The interesting part is, Mozilla has develop an add-on for developing and simulating Firefox OS on top of Firefox browser.
This article will discuss about how can we prepare a portable development environment and simulating Firefox OS.
About Firefox OS Simulator
Like implied by the name, Firefox OS simulator is a simulator for Firefox OS. As per September 29th 2013, the current Firefox OS Simulator is still at an early stage of development. Thus, it isn’t yet as reliable and complete. Mozilla also encourage to report bug to GitHub and participate to the development process.
The big concept Firefox OS has is an add-on for Firefox browser. Using this add-on we can test and debug Firefox OS app on the desktop. It is like Android Emulator, but lightweight and easy to use. But, as told above, don’t expect too much for now. But still, it’s quite promising 😉
So, what’s bundled to this add-on?
- the Simulator: Including Firefox OS desktop client. This is the higher layers of Firefox OS that runs on desktop. The simulator also includes some additional emulation features that aren’t in the standard Firefox OS desktop builds.
- the Dashboard: a tool hosted by the Firefox browser that enables you to start and stop the Simulator and to install, uninstall, and debug apps running in it. The Dashboard also helps you push apps to a real device, and checks app manifests for common problems.
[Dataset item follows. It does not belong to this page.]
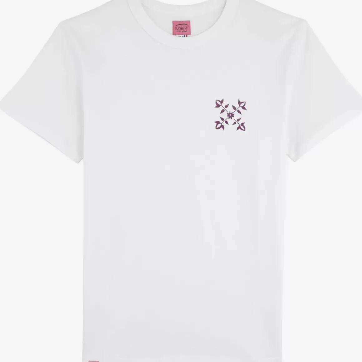 The iconic Oxbow t-shirt: made in France, a standard cut, a very heavy mesh of 250grs, the label on the shoulder, and a fourflower on the heart.
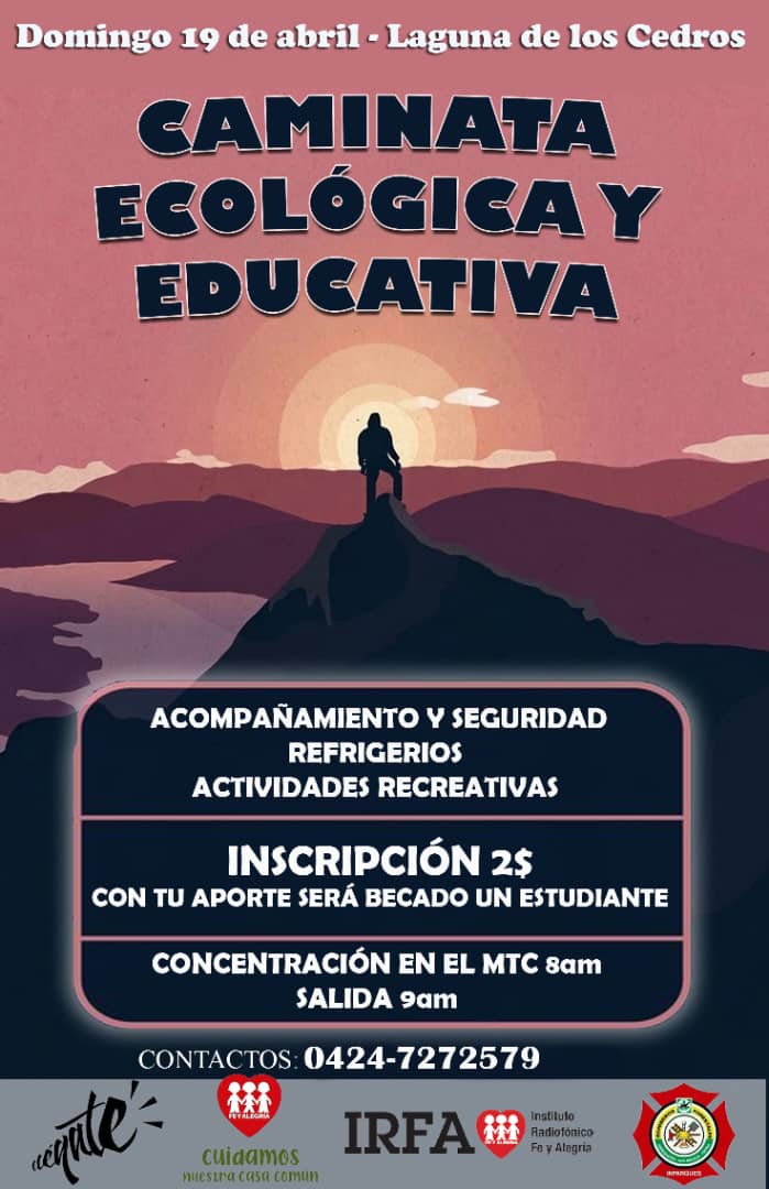 DLA.-El instituto Radiofónico Fe y Alegría del municipio Boconó invita a una caminata ecológica y educativa por una noble causa, becar a estudiantes para que puedan realizar sus estudios académicos en el municipio Boconó.

Installing and Running the Simulator
Installing the simulator is really easy. As easy as installing any other Firefox add-on.
- Using Firefox, go to the Simulator’s page.
- Click “Add to Firefox”
- Once the add-on has been downloaded, you will be prompted to install it. Click “Install Now”.
The add-on is quite big in size, thus Firefox may freeze for several seconds while installing it. A dialog titled “Warning: Unresponsive script” might appear. If it does, just click “Continue” to wait for installation to finish.
The Dashboard opens automatically when you install the Simulator. You can reopen it at any time by going to the “Firefox” menu (or “Tools”), then “Web Developer”, then “Firefox OS Simulator”.
And here is the Dashboard for you:
Here, on the left panel is a button to activate the simulator.
The right panel will list all application you have developed and can be run on top of Firefox OS (simulator).
To add a hosted app, enter a URL in the textbox where it says “URL for page or manifest.webapp”, then click “Add URL”. If the URL points to a manifest, then that manifest will be used. If it doesn’t, the Dashboard will generate a manifest for the URL: so you can add any website as an app just by entering its URL.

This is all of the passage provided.